**What you should do**
Work out how many lines of the listing below mention the word "Hotel", and give only that figure.
BEGIN Supplied data
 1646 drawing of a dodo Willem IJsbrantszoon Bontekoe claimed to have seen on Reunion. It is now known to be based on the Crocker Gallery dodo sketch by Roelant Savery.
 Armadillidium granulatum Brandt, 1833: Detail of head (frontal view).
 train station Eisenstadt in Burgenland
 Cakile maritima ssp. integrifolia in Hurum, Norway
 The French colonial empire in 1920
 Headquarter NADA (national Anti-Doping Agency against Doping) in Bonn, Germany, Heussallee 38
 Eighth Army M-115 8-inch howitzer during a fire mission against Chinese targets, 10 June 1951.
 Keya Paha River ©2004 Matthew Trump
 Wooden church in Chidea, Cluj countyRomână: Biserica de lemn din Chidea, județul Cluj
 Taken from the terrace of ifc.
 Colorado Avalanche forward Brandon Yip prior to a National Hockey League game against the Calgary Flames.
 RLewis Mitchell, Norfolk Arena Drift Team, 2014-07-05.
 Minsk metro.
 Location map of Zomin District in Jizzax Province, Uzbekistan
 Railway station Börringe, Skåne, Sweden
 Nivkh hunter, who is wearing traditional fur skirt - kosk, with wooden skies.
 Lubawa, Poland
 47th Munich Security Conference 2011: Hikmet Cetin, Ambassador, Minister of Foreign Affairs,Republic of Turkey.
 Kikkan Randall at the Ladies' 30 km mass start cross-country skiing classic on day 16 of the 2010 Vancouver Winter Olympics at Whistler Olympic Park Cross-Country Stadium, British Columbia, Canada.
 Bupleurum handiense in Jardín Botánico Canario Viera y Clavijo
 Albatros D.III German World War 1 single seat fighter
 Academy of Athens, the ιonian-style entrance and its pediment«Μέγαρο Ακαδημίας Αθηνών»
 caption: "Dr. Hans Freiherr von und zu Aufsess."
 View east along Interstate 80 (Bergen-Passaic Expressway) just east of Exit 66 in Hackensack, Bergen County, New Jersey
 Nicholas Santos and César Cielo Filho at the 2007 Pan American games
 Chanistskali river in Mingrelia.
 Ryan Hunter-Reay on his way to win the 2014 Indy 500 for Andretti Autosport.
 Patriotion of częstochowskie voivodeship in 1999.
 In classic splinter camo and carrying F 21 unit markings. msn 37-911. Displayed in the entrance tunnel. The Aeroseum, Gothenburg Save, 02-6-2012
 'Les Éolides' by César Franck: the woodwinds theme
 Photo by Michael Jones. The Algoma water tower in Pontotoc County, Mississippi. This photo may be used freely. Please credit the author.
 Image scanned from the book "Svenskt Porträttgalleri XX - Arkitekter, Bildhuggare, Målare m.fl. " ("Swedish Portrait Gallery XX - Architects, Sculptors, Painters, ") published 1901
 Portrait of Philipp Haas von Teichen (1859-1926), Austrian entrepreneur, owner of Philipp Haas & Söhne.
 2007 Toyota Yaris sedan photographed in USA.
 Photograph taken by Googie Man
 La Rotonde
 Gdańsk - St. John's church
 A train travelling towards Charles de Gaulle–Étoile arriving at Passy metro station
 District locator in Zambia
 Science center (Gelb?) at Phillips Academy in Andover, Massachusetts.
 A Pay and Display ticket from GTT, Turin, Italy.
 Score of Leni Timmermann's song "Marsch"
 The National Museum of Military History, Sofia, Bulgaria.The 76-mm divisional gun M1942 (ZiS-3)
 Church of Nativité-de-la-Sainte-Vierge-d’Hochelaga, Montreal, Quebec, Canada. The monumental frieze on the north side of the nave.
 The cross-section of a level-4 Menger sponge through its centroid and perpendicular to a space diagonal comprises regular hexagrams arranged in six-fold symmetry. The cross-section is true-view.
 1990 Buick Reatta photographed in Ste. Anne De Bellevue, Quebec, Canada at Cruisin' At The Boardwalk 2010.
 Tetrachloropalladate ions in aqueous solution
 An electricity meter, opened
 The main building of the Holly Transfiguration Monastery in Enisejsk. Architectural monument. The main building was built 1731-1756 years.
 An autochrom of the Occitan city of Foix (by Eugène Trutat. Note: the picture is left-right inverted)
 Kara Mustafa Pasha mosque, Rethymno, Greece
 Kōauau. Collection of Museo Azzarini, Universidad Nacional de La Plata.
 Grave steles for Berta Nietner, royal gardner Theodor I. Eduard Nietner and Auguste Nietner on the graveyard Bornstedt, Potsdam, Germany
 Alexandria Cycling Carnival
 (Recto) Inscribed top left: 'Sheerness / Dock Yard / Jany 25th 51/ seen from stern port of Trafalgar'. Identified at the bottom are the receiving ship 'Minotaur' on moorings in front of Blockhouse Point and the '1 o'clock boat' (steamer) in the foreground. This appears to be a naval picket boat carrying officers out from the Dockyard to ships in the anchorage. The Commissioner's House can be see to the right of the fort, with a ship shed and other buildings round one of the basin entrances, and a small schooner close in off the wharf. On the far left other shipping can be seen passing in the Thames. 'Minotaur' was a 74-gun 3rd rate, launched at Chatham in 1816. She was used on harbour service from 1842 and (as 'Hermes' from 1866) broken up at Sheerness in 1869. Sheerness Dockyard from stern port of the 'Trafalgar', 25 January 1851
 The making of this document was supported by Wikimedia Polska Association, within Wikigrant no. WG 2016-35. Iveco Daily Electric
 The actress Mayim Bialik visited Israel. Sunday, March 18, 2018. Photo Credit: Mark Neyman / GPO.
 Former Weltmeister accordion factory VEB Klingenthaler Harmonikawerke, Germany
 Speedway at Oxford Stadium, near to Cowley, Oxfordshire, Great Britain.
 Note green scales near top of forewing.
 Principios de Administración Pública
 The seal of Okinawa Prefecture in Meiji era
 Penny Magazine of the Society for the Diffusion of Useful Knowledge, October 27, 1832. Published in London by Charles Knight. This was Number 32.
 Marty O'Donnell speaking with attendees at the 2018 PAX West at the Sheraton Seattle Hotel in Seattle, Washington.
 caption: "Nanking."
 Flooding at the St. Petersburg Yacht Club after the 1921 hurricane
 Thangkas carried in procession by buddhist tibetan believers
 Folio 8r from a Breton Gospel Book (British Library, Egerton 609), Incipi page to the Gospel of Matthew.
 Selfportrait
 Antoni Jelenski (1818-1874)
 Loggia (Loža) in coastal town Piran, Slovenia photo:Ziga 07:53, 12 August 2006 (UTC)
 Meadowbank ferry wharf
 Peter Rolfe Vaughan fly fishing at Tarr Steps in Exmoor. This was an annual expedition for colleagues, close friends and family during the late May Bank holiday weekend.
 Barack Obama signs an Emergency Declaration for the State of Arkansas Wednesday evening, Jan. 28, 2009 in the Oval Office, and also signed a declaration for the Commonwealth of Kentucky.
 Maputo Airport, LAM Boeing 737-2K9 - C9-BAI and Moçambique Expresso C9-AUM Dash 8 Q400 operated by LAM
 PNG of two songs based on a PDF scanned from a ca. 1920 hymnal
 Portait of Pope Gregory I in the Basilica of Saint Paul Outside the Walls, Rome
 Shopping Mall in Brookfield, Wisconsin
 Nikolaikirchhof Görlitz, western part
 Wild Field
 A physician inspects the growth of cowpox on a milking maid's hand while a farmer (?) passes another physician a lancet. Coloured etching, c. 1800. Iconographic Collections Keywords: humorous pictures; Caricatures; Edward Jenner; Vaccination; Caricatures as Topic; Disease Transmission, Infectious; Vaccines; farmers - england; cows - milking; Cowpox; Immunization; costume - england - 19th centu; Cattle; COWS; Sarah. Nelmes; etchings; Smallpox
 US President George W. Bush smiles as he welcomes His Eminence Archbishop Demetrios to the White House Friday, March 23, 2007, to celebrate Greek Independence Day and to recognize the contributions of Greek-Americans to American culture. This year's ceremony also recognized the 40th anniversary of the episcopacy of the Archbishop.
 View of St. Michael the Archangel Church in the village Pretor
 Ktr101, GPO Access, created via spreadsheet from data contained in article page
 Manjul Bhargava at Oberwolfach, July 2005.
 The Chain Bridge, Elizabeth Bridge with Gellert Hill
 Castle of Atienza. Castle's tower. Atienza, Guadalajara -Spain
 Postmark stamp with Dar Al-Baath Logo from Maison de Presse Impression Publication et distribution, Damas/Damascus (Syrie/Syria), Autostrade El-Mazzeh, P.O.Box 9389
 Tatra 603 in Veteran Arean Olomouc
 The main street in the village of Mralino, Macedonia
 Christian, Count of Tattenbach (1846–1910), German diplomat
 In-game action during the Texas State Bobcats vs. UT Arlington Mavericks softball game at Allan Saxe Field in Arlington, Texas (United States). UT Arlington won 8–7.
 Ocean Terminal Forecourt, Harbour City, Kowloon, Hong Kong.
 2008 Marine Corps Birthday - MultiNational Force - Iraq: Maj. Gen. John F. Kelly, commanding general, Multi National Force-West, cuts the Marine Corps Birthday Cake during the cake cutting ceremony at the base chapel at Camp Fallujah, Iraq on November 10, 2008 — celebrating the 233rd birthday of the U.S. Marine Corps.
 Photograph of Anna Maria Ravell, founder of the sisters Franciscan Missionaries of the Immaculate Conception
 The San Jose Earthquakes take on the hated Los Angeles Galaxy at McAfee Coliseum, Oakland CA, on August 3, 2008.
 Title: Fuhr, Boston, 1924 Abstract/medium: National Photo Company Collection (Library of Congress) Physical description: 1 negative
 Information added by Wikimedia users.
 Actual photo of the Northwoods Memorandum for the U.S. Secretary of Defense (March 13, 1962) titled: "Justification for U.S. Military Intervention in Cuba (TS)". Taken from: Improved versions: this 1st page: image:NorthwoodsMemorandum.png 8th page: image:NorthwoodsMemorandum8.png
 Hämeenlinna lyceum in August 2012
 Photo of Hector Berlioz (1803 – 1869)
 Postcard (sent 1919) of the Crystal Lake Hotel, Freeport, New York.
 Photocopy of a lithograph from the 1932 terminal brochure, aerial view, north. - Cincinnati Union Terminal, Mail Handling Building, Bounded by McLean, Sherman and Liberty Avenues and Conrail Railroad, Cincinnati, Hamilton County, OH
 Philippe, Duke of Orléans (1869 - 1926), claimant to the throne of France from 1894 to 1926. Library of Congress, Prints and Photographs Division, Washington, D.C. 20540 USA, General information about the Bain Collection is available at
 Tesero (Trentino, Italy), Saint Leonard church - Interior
END Supplied data
**Expected answer**
2